WES/WGS Cohort Joint-Genotyping Pipeline

A user-oriented guide for multi-sample joint genotyping using GenomicsDB, GenotypeGVCFs, and VQSR.

Sources: Bash, Snakemake, Nextflow, Cromwell


Diagram: Cohort Joint-Genotyping Workflow

WES/WGS cohort joint-genotyping workflow


Purpose

This pipeline combines many per-sample gVCFs and performs cohort-level joint genotyping, producing a single VCF for all samples with consistent genotype calls and variant filtering.

Use this when:

  • You want consistent genotypes across a family or population.
  • You plan to build VQSR models on cohort-level variant distributions.
  • You are preparing a joint VCF for association or segregation analyses.

Inputs

  • Sample map file (sample_map in the CBIcall YAML): TSV used by GenomicsDBImport (sample name → gVCF path).
  • Per-sample gVCFs from the single-sample pipeline.
  • Reference genome (REF from env.sh).
  • VQSR resources (SNP and INDEL training sets).
  • Optional interval list for WES mode.
WES interval source

The interval resource depends on the software stack. Legacy gatk-3.5 Bash WES uses Agilent SureSelect hg19 BED files, while current gatk-4.6 native WES uses the GATK bundle / Broad b37 exome interval list. See the FAQ for details.


Execution Modes

Standard cohort mode runs as one job from GenomicsDB import through final filtering.

1. GenomicsDBImport

  • Imports all gVCFs into a GenomicsDB workspace.
  • Handles both WES (interval-limited) and WGS (whole genome) modes.
  • Output: on-disk database under 01_genomicsdb/, accessed as gendb://<workspace>.
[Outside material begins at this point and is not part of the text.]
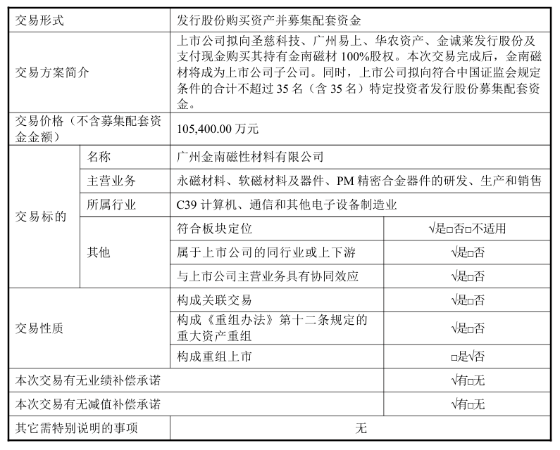 本次交易中,交易对方圣慈科技、广州易上、金诚莱也做出了业绩承诺,即金南磁材承诺期内(2025年度、2026年度和2027年度)净利润分别不低于8156.59万元、8869.17万元和9414.08万元,如业绩承诺期为2026年度、2027年度和2028年度,则净利润分别不低于8869.17万元、9414.08万元和10036.54万元。
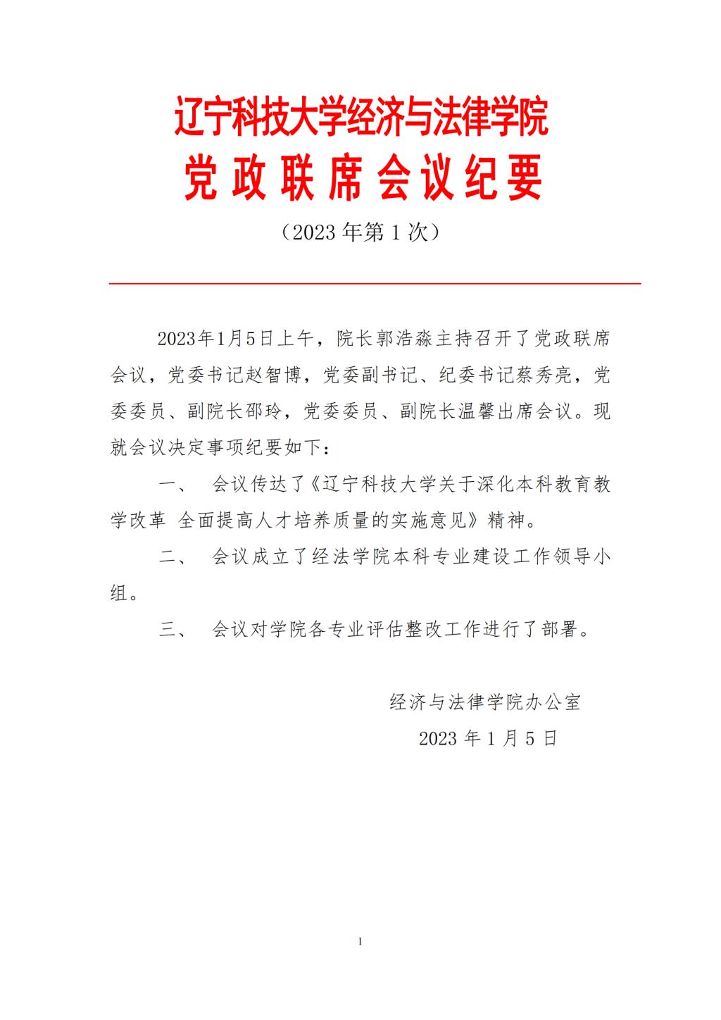 华体会网页版经济与法律学院党政联席会会议纪要(2023年第1次)

2. Joint Genotyping (GenotypeGVCFs)

  • Runs GenotypeGVCFs on gendb://<workspace> and the reference.

  • Produces the cohort-level VCF:

    • cohort.gv.raw.vcf.gz

3. Count Variants and Decide on VQSR

  • Counts SNPs and INDELs in the raw cohort VCF.
  • Compares counts to configurable thresholds:
    • MIN_SNP_FOR_VQSR (default 1000)
    • MIN_INDEL_FOR_VQSR (default 8000)
  • Determines whether to build SNP and/or INDEL VQSR models.

4. Build VQSR SNP Model

  • If enough SNPs:
    • Run VariantRecalibrator in SNP mode.
    • Uses training resources and multiple annotations:
      • QD, FS, MQ, MQRankSum, ReadPosRankSum.
    • Outputs:
      • cohort.snp.recal.vcf.gz
      • cohort.snp.tranches.txt.

5. Build VQSR INDEL Model

  • If enough INDELs:
    • Run VariantRecalibrator in INDEL mode.
    • Uses annotations:
      • QD, FS, ReadPosRankSum.
    • Outputs:
      • cohort.indel.recal.vcf.gz
      • cohort.indel.tranches.txt.

6. Apply VQSR

  • If SNP model exists:
    • Apply SNP VQSR → cohort.post_snp.vcf.gz.
  • If INDEL model exists:
    • Apply INDEL VQSR → cohort.vqsr.vcf.gz.

The best available VCF (VQSR-filtered or raw) is used as input to the next step.

7. Hard Filtering and QC VCF

  • Run VariantFiltration with the GATK 4.6 hard filters below.
  • Output: cohort.gv.QC.vcf.gz.
Filter nameExpression
LowQUALQUAL < 30.0
QD2QD < 2.0, when QD is present
FS60FS > 60.0
MQ40MQ < 40.0
MQRS-12.5MQRankSum < -12.5, when MQRankSum is present
RPRS-8ReadPosRankSum < -8.0, when ReadPosRankSum is present
QD2_indelQD < 2.0, when QD is present
FS200FS > 200.0
RPRS-20ReadPosRankSum < -20.0, when ReadPosRankSum is present

This QC VCF is the primary cohort workflow output for downstream tools and project-level review.


Output Files

In these filenames, gv means GenotypeGVCFs: the raw VCF is the direct joint-genotyped output from that GATK step, and the QC VCF is the filtered version used downstream.

The default basename is cohort. If output_basename is set, replace cohort below with that value.

FileDescription
cohort.gv.raw.vcf.gzRaw cohort joint-genotyped VCF
cohort.snp.recal.vcf.gzSNP VQSR model VCF
cohort.snp.tranches.txtSNP VQSR tranches and diagnostics
cohort.indel.recal.vcf.gzINDEL VQSR model VCF
cohort.indel.tranches.txtINDEL VQSR tranches and diagnostics
cohort.post_snp.vcf.gzVCF after applying SNP VQSR
cohort.vqsr.vcf.gzVCF after applying SNP and INDEL VQSR
cohort.gv.QC.vcf.gzFinal hard-filtered cohort QC VCF (recommended)
logs/cohort_joint_genotyping.logMain log file for the cohort pipeline

When to Use This Pipeline

  • After you have gVCFs from the single-sample pipeline.
  • When you need a single VCF for all samples for:
    • Family-based segregation analysis.
    • Case/control or population cohorts.
    • Downstream tools that expect joint genotypes.